Professional Responsibility Meets Facebook, Another Oops the Bar
Every year, my small section reads a New Yorker “On the Town” squib called “Oops” to kick off a discussion on care and professional responsibility in their legal careers. “Oops” tells the story of a summer associate who, in 2003, mistakenly sent the following email to lawyers with whom he worked on a deal: “I’m buy doing jack shit. Went to a nice 2hr sushi lunch today at Sushi Zen. Nice place. Spent the rest of the day typing e-mails and bullshitting with people.” The summer associate signed off the email: “So yeah, Corporate Love hasn’t worn off yet. But give me time.” The summer associate meant to send the email to his friend. Oops.
For a moment, let’s put aside the stark difference between the world (and law firm environment) facing the summer associates of 2003 and the one facing the summers of 2009 and turn to Sunday’s New York Times story “A Legal Battle: Online Attitude Vs. Rules of Bar.” The Times talked about recent cases where lawyers do violence to their careers through their online activities.

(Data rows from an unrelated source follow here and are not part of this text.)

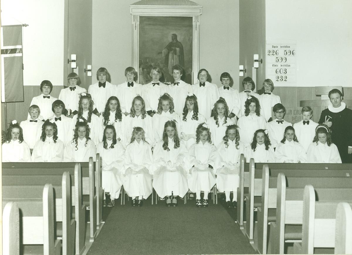 Fermingarbörn með sr. Birni Jónssyni. Árgangur 1958. Úr safni sr. Björns Jónssonar sem var prestur í Keflavík frá 1952 til 1975.
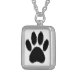 Dog Paw Drawing In Black Silver Plated Necklace
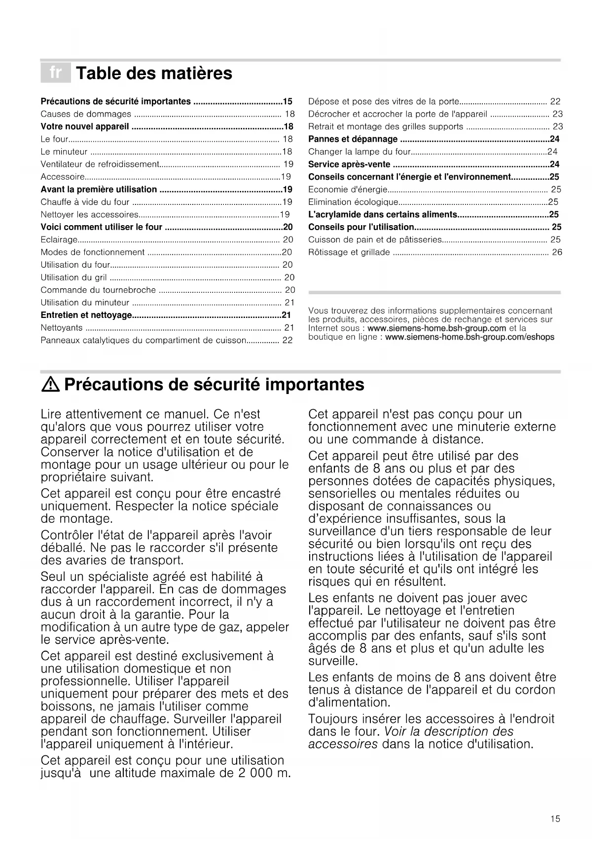 B 070 222 142 FR 01 40 10 12 00 CH 0848 840 04025 Conseils concernant l'énergie et l'environnement Vous trouverez ici des conseils comment vous pouvez économiser de l'énergie lors de la cuisson et comment correctement éliminer votre appareil. Economie d'énergie ■ Préchauffez le four uniquement si cela est indiqué dans la recette. ■ Pendant la cuisson ou le rôtissage, ouvrez la porte du four le moins souvent possible. ■ Si vous voulez faire cuire plusieurs gâteaux, faitesles cuire les uns après les autres. Le four étant encore chaud. Le temps de cuisson est alors réduit pour le deuxième gâteau. Vous pouvez également enfourner 2 moules à cake l'un à côté de l'autre. ■ Si les temps de cuisson sont assez longs, vous pouvez éteindre le four 10 minutes avant la fin de la durée impartie puis terminez la cuisson avec la chaleur résiduelle. Elimination écologique L'acrylamide dans certains aliments L'acrylamide se forme avant tout en cas de produits céréaliers et de pommes de terre cuits à haute température, tels que chips, frites, toast, petits pains, pain ou pâtisseries fines (biscuits, pain d'épices, speculoos). Conseils pour l'utilisation Vous trouverez ici des conseils concernant les récipients et la préparation. Remarques ■ Utilisez les accessoires livrés avec l'appareil. Des accessoires supplémentaires sont en vente dans le commerce spécialisé ou auprès du service après-vente comme accessoires optionnels. Avant l'utilisation, retirez du compartiment de cuisson tous les accessoires et récipients qui ne sont pas nécessaires. ■ Utilisez toujours des maniques pour retirer des accessoires ou récipients chauds du compartiment de cuisson. Cuisson de pain et de pâtisseries Moules ■ Utilisez avant tout des moules ou plaques à pâtisserie de couleur claire. ■ Placez toujours les moules à gâteaux au centre de la grille. Eliminez l'emballage en respectant l'environnement. Cet appareil est marqué selon la directive européenne 2012/19/UE relative aux appareils électriques et électroniques usagés (waste electrical and electronic equipment - WEEE). La directive définit le cadre pour une reprise et une récupération des appareils usagés applicables dans les pays de la CE. Conseils pour la préparation de plats avec une faible formation d'acrylamide De manière générale ■ Les temps de cuisson doivent être aussi courts que possible. ■ Faites uniquement dorer les aliments, sans trop les faire dorer. ■ Un aliment gros et épais contient moins d'acrylamide. Cuisson de pâtisseries max. 200 °C. Petits gâteaux secs max. 190 °C. Des œufs ou des jaunes d'œuf réduisent la formation d'acrylamide. Frites au four Les répartir uniformément et en une seule couche sur la plaque. Faites cuire au moins 400 g par plaque, afin que les frites ne se dessèchent pas26 Conseils pour la pâtisserie Rôtissage et grillade Récipients Vous pouvez utiliser tout récipient résistant à la chaleur. Placez toujours le plat au centre de la grille. La plaque à pâtisserie émaillée est également appropriée pour des gros rôtis. Conseils pour les rôtis ■ Une température plus basse permet d'obtenir des mets plus uniformément dorés. ■ Versez 2 à 3 cuillerées à soupe de liquide sur la viande maigre et 8 à 10 cuillerées à soupe sur les rôtis à braiser, selon leur taille. ■ Pour les canards ou les oies, piquez la peau sous les ailes afin que la graisse puisse s'écouler. ■ Pour obtenir une peau de volaille dorée et croustillante, enduisez la peau de beurre ou versez de l'eau salée ou du jus d'orange sur la peau vers la fin de la cuisson. ■ Retournez les pièces de viande à micuisson. ■ Une fois le rôti cuit, laissez-le reposer 10 minutes de plus dans le four éteint et fermé. Cela permet au jus de rôti de mieux se répartir. ■ Lors du rôtissage de gros morceaux de viande une plus forte formation de vapeur peut se produire et se condenser sur la porte du four. C'est un phénomène normal qui n'a aucune influence sur le bon fonctionnement. Après la cuisson, essuyez la porte du four et la vitre avec un chiffon. ■ Si vous faites des grillades sur la grille, enfournez en plus la plaque à pâtisserie émaillée au niveau 1 pour récupérer la graisse. Conseils pour les grillades ■ Prenez si possible des pièces à griller de la même épaisseur. Elles doivent faire au moins 2 à 3 cm d'épaisseur. Elles seront alors uniformément dorées et bien juteuses. ■ Placez les pièces à griller au centre de la grille. Versez un peu d'eau sur la plaque à pâtisserie émaillée et enfournez-la en plus sous la grille, afin de récupérer la graisse. Ne la placez jamais sur la sole du compartiment de cuisson. ■ Badigeonnez les pièces à griller d'un peu d'huile, avant de les placer sur la grille sous le gril. ■ Retournez à mi-cuisson les pièces peu épaisses, retournez les pièces épaisses plusieurs fois pendant le temps de cuisson. Utilisez pour cela une pince à grillade, les pièces à griller ne seront ainsi pas transpercées et le jus de viande restera p.ex. dans le rôti. ■ Des types de viande rouge telle que de l'agneau et du bœuf brunissent davantage et plus rapidement que de la viande blanche telle que du porc et du veau. Conseils pour le tournebroche ■ Embrochez le rôti sur le tournebroche en le centrant le mieux possible et fixez-le aux deux extrémités avec les crochets. ■ De plus, vous pouvez fixer le rôti avec du fil de cuisine. En cas de volaille, fixez les extrémités des ailes sous le dos et les cuisses au corps. De cette sorte, elles ne brunissent pas trop. Piquez la peau sous les ailes afin que la graisse puisse s'écouler. Vérifiez si votre cake est complètement cuit. A l'aide d'un bâtonnet en bois, piquez le sommet du gâteau environ 10 minutes avant la fin du temps de cuisson indiqué dans la recette. Le gâteau est cuit si la pâte n'adhère plus au bâtonnet. Le gâteau s'affaisse. La fo
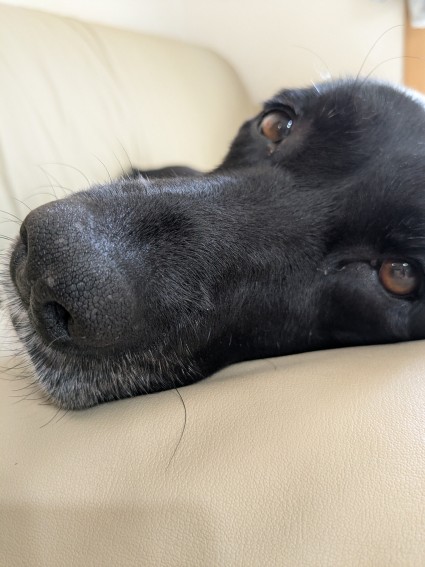 仕事の時にはソファで眠りこけているのにね。休みは分かるみたい。

Lawyers blog about judges: one wrote that he thought a named judge was an “Evil, Unfair, Witch” and questioned the judge’s competence. Another lawyer friended a judge on Facebook and later posted about his/her drinking and motorbiking. The problem: the lawyer asked the judge to delay a trial because of a death in the family in the same week that the lawyer shared the drinking tales with his/her social network. The lawyers in those cases have suffered serious consequences (the first is facing a reprimand from the bar, the second faced the wrath of his/her firm–the judge told the lawyer’s bosses what happened).
Now, the 2003 summer associate made a big mistake, but perhaps not on the same order as the lawyers covered in yesterday’s Times. The summer associate had a slip of the finger perhaps, a hasty moment that changed the way those in his firm saw him. But the lawyers arguably dove into the pool of their fate head first: one might say that they knowingly risked their careers and should suffer the consequences (to the extent the Bar desires and the First Amendment permits). Social scientists like Alessandro Acquisti and danah boyd and legal scholars like James Grimmelmann offer an explanation for why people are so foolish online. People write carelessly not because they have “a reduced sense of privacy” but because they felt anonymous. As danah boyd explains, social network participants “live by ‘security through obscurity’ where they assume that as long as no one cares about them, no one will come knocking.” They operate under the norm that people with no social connection to them “could look at your profile, but shouldn’t.” They assume that only close friends are paying attention to their online activities. All of this is to say that perhaps President Obama shouldn’t just talk to young people about the perils of oversharing online. Maybe lawyers need the lesson too.